Why the square root? Taking the square root of the absolute standardized residuals linearizes the relationship, making trends in variance easier to detect visually. The standardization removes the effect of the mean, isolating the variance pattern.
Steps:
- Fit the Linear Regression Model: Obtain the standardized residuals and fitted values.
- Create the Plot: Plot the square root of the absolute standardized residuals on the y-axis and the fitted values on the x-axis.
- Assess the Plot: Look for patterns in the spread of the residuals.
Example:
import numpy as np
import matplotlib.pyplot as plt
# Assuming 'model' is your fitted OLS model
residuals = model.resid
fitted = model.fittedvalues
standardized_residuals = (residuals - np.mean(residuals)) / np.std(residuals)
plt.scatter(fitted, np.sqrt(np.abs(standardized_residuals)), alpha=0.5)
plt.xlabel('Fitted Values')
plt.ylabel('√|Standardized Residuals|')
plt.title('Scale-Location Plot')
# Add a lowess smoothing line for trend detection
from statsmodels.nonparametric.smoothers_lowess import lowess
smooth = lowess(np.sqrt(np.abs(standardized_residuals)), fitted, frac=0.6)
plt.plot(smooth[:, 0], smooth[:, 1], color='red', linewidth=2)
plt.show()
Interpretation:
- Homoscedasticity: The points should be randomly scattered around a horizontal line with no clear pattern.

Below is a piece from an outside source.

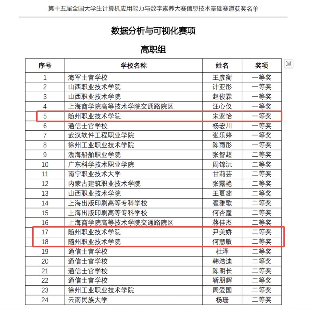 第十五届全国大学生计算机应用能力与数字素养大赛全国总决赛于5月24日举行,信息工程学院五名同学在数据分析与可视化赛项区域赛中获得一等奖成功晋级全国总决赛,在全国总决赛中宋紫怡获得一等奖,尹美娇、何慧敏获得二等奖,黄依红、董相宏获得三等奖。
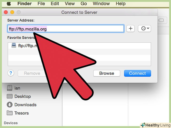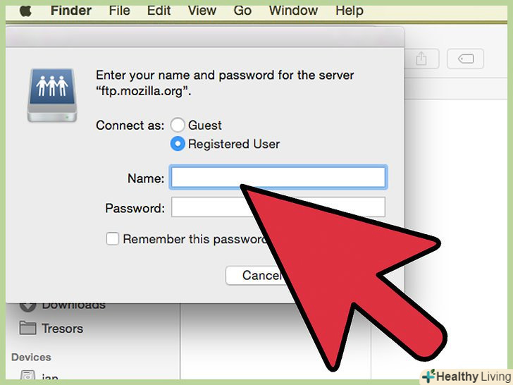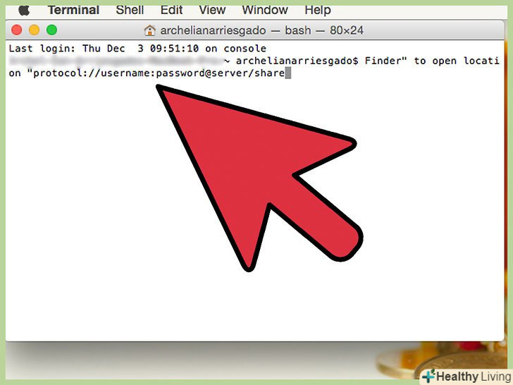 Введіть команду в терміналі. Команда: tell app "Finder" to open location "protocol://имя_пользователя:пароль@сервер/share"

The smoothing line should be approximately flat.
- Heteroscedasticity: A pattern (such as an upward trend or funnel shape) suggests non-constant variance, indicating heteroscedasticity.
Comparison of Homoscedasticity Tests¶
| Test | Type | What It Detects | Pros | Cons |
|---|---|---|---|---|
| Residuals vs. Fitted | Visual | Any variance pattern | Intuitive, flexible | Subjective |
| Scale-Location | Visual | Variance trends | Clear trend visualization | Subjective |
| Breusch-Pagan | Formal | Linear heteroscedasticity | Simple, powerful | Assumes linear form |
| White | Formal | General heteroscedasticity + nonlinearity | Very general | Uses many degrees of freedom |
Checking for homoscedasticity is essential in linear regression analysis to ensure the validity and efficiency of the model's estimates. If heteroscedasticity is detected, it can often be addressed by transforming the dependent variable, using weighted least squares, or employing robust standard errors (such as HC0, HC1, HC2, or HC3 estimators) to correct for the non-constant variance.